Graphite Capital
- Type: UK LLP
- Industry: Private Equity
- Predecessor: Foreign & Colonial Ventures Ltd.
- Founded: 1981; 45 years ago
- Headquarters: London, W1 United Kingdom
- Key people: Markus Golser, Andy Gray
- Products: Investments, private equity funds
- Total assets: £1.2 billion
- Website: www.graphitecapital.com

= Graphite Capital =

British private equity firm

Graphite Capital is a private equity firm focused on mid-market leveraged buyout investments, primarily in the UK. The group manages around £1.2 billion for institutional investors, with the most recent fund raising over £500 million in 2018. Since 1991, the firm has backed almost 100 management teams through various investments.

The firm has managed private equity funds since 1981 and in 2001 became fully independent. The firm has a single office in Air Street in London's West End. The firm's Managing Partners are Andy Gray and Markus Golser, who joined in 1992 and 1997 respectively.

==History==
Graphite Capital was originally part of F&C Asset Management and was known as Foreign & Colonial Ventures Ltd. The firm remained a subsidiary of F&C Asset Management until 2001, when the Graphite team completed a management buyout.
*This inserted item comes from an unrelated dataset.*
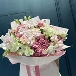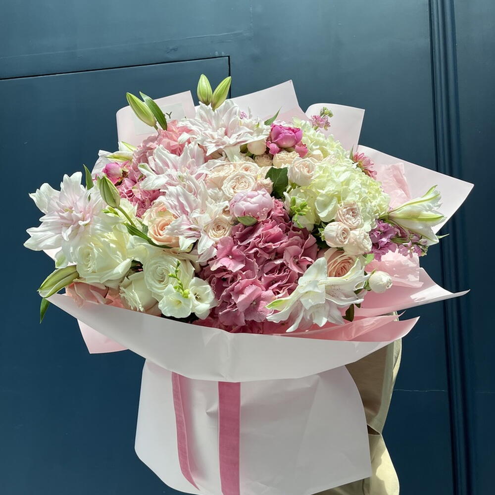 Composition: Hydrangea - 7, Lily Double Oriental - 4, Rose Peach - 7, Rose spray Bombastic - 8, Mattiola - 4, Freesia - 3, Peony import pink - 5 Sizes: WIDTH - 50CM; HEIGHT - 60CM; LENGTH - 60CM; (including packaging) Size: 50 x 60 x 60 cm

The first fund to be managed by Graphite Capital was F&C Enterprise Trust, a UK listed vehicle, which it renamed Graphite Enterprise Trust when the management buyout took place in 2001. The fund became ICG Enterprise Trust when the management contract was transferred to Intermediate Capital Group in 2016.

==Investments==

The firm's ninth and most recent fund of £500 million raised in 2018 has backed the following companies, including:

- In October 2023, Storal, a national children's nursery group in England founded in 2016, together with OakNorth Bank
- In 2023, Independence Products Limited, a supplier of prescribed infection prevention products
- In October 2022, Digital Space, an information technology and cloud services provider formerly known as Timico, acquired from Horizon Capital
- In November 2021, Opus Talent Solutions –  a Redcliffe based international company specializing in recruitment for the technology and renewable energy markets
- In July 2021, Wonderbly - a personalised children's book specialist formerly known as Lost My Name
- In November 2020, London-based Babble, a specialist communications technology provider to medium-sized companies, acquired from Lloyds TSB Development Capital
- In October 2020, Ten10, an independent quality engineering and software testing consultancy based in London, acquired from Livingbridge
- In August 2019, Horizon Care and Education, a provider of specialist care for children and adolescents, based in Cannock, England
- in May 2019, NRS Healthcare, a provider of mobility and disability aids and services

The firm's eighth fund, which was raised in 2013 and invested until 2018, has backed the following companies including:

- City & County Healthcare - a provider of home care services in the UK
- ICR Group - a provider of repair and maintenance services to the energy sector
- nGAGE Specialist Recruitment (formerly Human Capital Investment Group) - a recruitment business serving a range of niche areas within the public and private sectors
- Trenchard Aviation - a civil aircraft maintenance business focusing on cabin services
- New World Trading Company - a pub restaurant group
- Beck & Pollitzer - an industrial machinery installation and relocation specialist

Graphite's seventh fund, which was raised in 2007 and invested until 2013, backed companies including:

- U-POL - a manufacturer and distributor of automotive refinishing products
- Kurt Geiger - the luxury shoe retailer and wholesaler
- Education Personnel - a provider of supply teachers and teaching assistants to state schools in the UK
- Alexander Mann Solutions - a provider of recruitment process outsourcing
- National Fostering Agency - an independent children's fostering agency
- London Square - a house builder focused on prime sites within the M25
- Willowbrook Healthcare - a developer and operator or premium elderly care homes

The seventh fund's current portfolio also includes:

- Explore Learning - a provider of after school tuition for children aged between 5 and 14
- Hawksmoor - the operator of premium steak restaurants

Earlier investments include Corbin & King - the operator of signature restaurants in London, the Groucho Club which was sold in July 2015,
Dominion Oil & Gas, NES Group, Wagamama and Park Holidays.

== Divestments ==
In August 2022, Graphite sold YSC Consulting, a provider of leadership consulting and management assessment, acquired from Livingbridge in 2017, to Accenture. In June 2022, the firm sold Random42, a producer of digital medical animation, to The Lockwood Group, a US medical communications company. In July 2021, the firm sold U-POL, a manufacturer and distributor of fillers, coatings and aerosols, to US firm Axalta Coating Systems.